I /think/ I've caught up on this thread, but I'm sure I've missed a bunch. As I see it there are really these issues to protecting email addresses in Mailman:
- list admin addresses
- public archives
- private archives
- raw archive
- list rosters
For #1, MM2.1 changes what gets included at the bottom of list pages. The admin's personal address is no longer included in the link's text or in mailto: href. In the mailto: you'll see something like firstname.lastname@example.org and in the text you'll see something like "barry at zope.com". I see no point in trying to obscure the former -- or put it behind a web form -- because it's easily guessed given a probe of existing lists, as is every other list-related email address. More on protecting the -owner from spam below. I claim that the guessability is a feature, btw.
MM3 will likely integrate admin addresses and list memberships into an object called a "roster" (essentially just a list of email addresses). This will let us define a pipeline for each roster, which could include a spam filter that performs an action based on some criteria (e.g. drop it, reject it, mark a header, etc.). So we can do more protection on the -owner address than we can do now (without hacking). Rosters and the improved user database will allow us to actually equate admin email addresses with Real Names, so you could conceivably see something like
List run by <a href="mailto:email@example.com">Barry Warsaw</a>
at the bottom of the pages. You'd be within your rights to argue that end users never even need know who admins the list, but I think it helps to avoid the "faceless droid" syndrome.
Mailman should avoid getting deeply into the spam detection and prevention business, except for some really really basic stuff (probably not much more or less than it does now). It should integrate well with external spam detection programs like SpamAssassin or commercial equivalents. E.g. if we always send the message through SA, and the message gets some score, we could decide to hold messages below say 5.0 on the Spamster Scale, discard anything about 5.0, etc.
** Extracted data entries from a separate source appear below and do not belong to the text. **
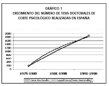 Un primer estudio de la evolución del número de tesis doctorales en psicología en los últimos 23 años demuestra el ascenso que se ha producido en la investigación psicológica en todas las universidades españolas, específicamente en los últimos diez años, donde llegan a duplicarse el número de tesis doctorales. Éstos no se realizan únicamente desde facultades de psicología, las ciencias médicas y las relacionadas con la educación comparten estrechos intereses temáticos.
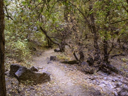 The hike is up the Dead Horse Creek Canyon and is made mostly under a forest canopy and alongside a vibrant stream.
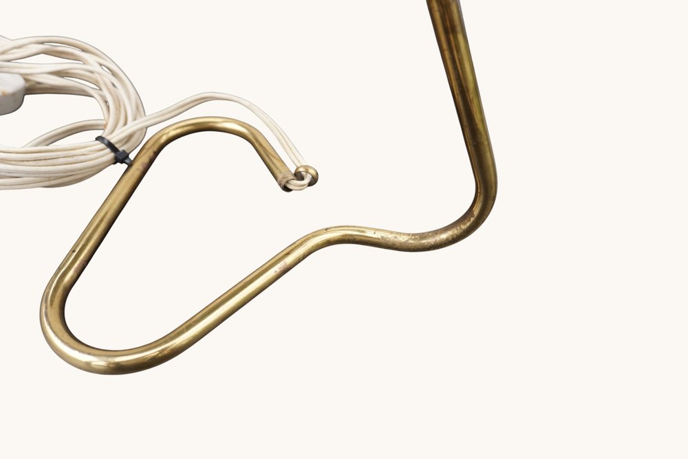 Lámpara de mesa turquesa, modelo GK14, diseñada por Erik Wärnå para Gnosjö Konstsmide, Suecia, década de 1950. Esta elegante lámpara de mediados de siglo cuenta con una pantalla de metal perforado en un característico color turquesa, combinada con detalles de latón y un esbelto pie angular. El cableado original es visualmente coherente con su época; sin embargo, se recomienda una inspección profesional para su uso diario. Su tamaño compacto y su luz concentrada la hacen ideal como lámpara de escritorio, de lectura o de acento, aportando el auténtico encanto escandinavo de mediados de siglo a cualquier estancia.
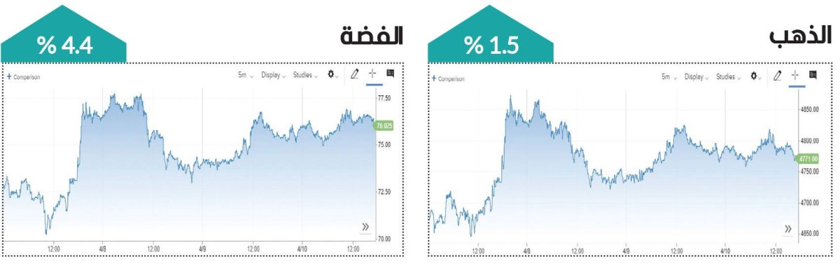 سجلت أسعار الذهب مكاسب أسبوعية، وسط ترقب المستثمرين مآلات الهدنة الحالية بين الولايات المتحدة وإسرائيل وإيران، وتداعيات التطورات الراهنة في المنطقة على اتجاهات الفيدرالي الأمريكي بخصوص الفائدة. وارتفع الذهب في المعاملات الفورية إلى 4748 دولاراً للأونصة تقريباً، بمكاسب أكثر من 1.5% هذا الأسبوع. وبلغت العقود الآجلة للذهب الأمريكي نحو 4804 دولارات. كذلك ارتفعت أسعار الفضة من 72.9 دولاراً للأوقية في نهاية الأسبوع قبل الماضي إلى 76.7 دولاراً بنهاية الأسبوع الماضي بارتفاع نسبته 4.4%. ويظل مسار أسعار الذهب مرهوناً بدرجة كبيرة باتجاهات أسعار الفائدة، إذ إن المعدن الأصفر، بوصفه أصلاً لا يدر عائداً، يفقد جزءاً من جاذبيته في بيئة الفائدة المرتفعة التي تعزز بدورها قوة الدولار وترفع تكلفة الفرصة البديلة للاحتفاظ به.

As for #2, I'd go for the low-tech approach of simply discarding the hostname part of the email address in all public archives. Certainly this is easy in the headers, and we'll have to decide whether we're going to expend the resources to do body searches for email addresses, and obfuscate those as well. If people want to make contacts based on some public archive message, they can email the list. Until we've got web-posting, I don't think it matters if they lose the full email address in the public archives.
As for #3, I don't mind not obscuring the email addresses since a login will be required. If we think we don't trust the current private archive login procedures to be secure against bots, then we can fix that, but I don't see it as a high priority.
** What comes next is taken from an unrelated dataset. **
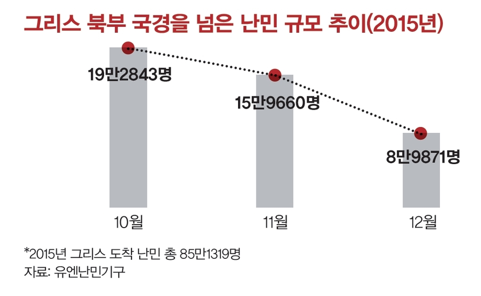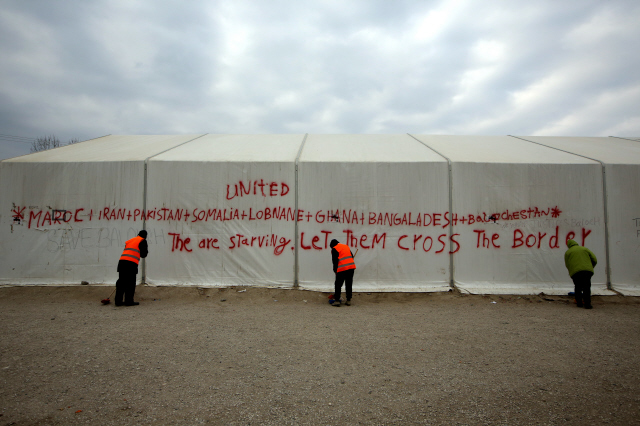 그리스 쪽 땅에 지은 10여 개의 천막들은 텅텅 비어 있었다. 난민들은 철조망 앞에서 마케도니아로 넘어갈 순서를 기다렸다. 마케도니아 경찰은 1명씩 줄을 서라고 소리쳤다. 자하라(38·가명)도 6살 아들 손을 꼭 잡고 줄을 고쳐 섰다. 자하라는 아테네에 있는 난민들과 표정이 다르다. 그는 이곳까지 온 게 믿기지 않는다. “너무 좋다”는 말만 반복했다.

#4 is interesting too. I'm not against putting the raw archive behind a turing-test, since I suspect that very few people will ever want it. It means that we won't be able to write an automated wget-ish script to do off-site backups, but so be it.
Things to note for #'s 2-4:
The Pipermail implementation has lots of well-known problems. I'm personally not willing to spend a lot of time fixing them, and I still recommend Real Sites use a Real Archiver. I've just thrown the majority of the email obfuscation problems over the fence into someone else's back yard <wink>.
Adding public archive obfuscation is fine and dandy for new messages added to the archives but what about all the existing archived messages? Re-running Pipermail (i.e. bin/arch) to regenerate from scratch has two significant drawbacks. 1) Message url's can change, especially if you also fix broken From_ delimiters, and that in turn breaks bookmarks, 2) on large mboxes, you simply can't do bin/arch because of memory problems.
Someone needs to step up and "own" Pipermail if any of these problems are going to be fixed, or if the obfuscation is going to happen.
Remember that Pipermail itself is completely optional. An API is defined between Mailman and the archiver and that's all the interaction they have. Maybe the API needs to be more elaborate to support obfuscation. It definitely needs some changes if we ever want to add some of the features I'd like to add (but that's off-topic here).
I'll note that one of the early design decisions for Pipermail was that public archives should be vended directly from the file system for performance reasons. That decision may not be appropriate for today's operations. Certainly maintaining two static versions of the pages isn't feasible, so I think you have to vend one or the other (probably the obfuscated version) from a cgi.
Anybody who's really interested in archiving (I'm not) should take a look at Zest and think about contributing to it, so that it does stuff like this correctly from the start. I really like the Zest interface and think it ought to at least be a bundled alternative to Pipermail, some day.
Nobody's even mentioned #5, which are available publically via the "Visit Subscriber List" button, or the email command "who" to the -request address. If I were a spam harvester, I wouldn't even bother with scanning the archives if either of these were publically enabled. When you turn them off, especially the former, just remember that you've now made it much harder for Joe User to unsubscribe themselves. Catch 22.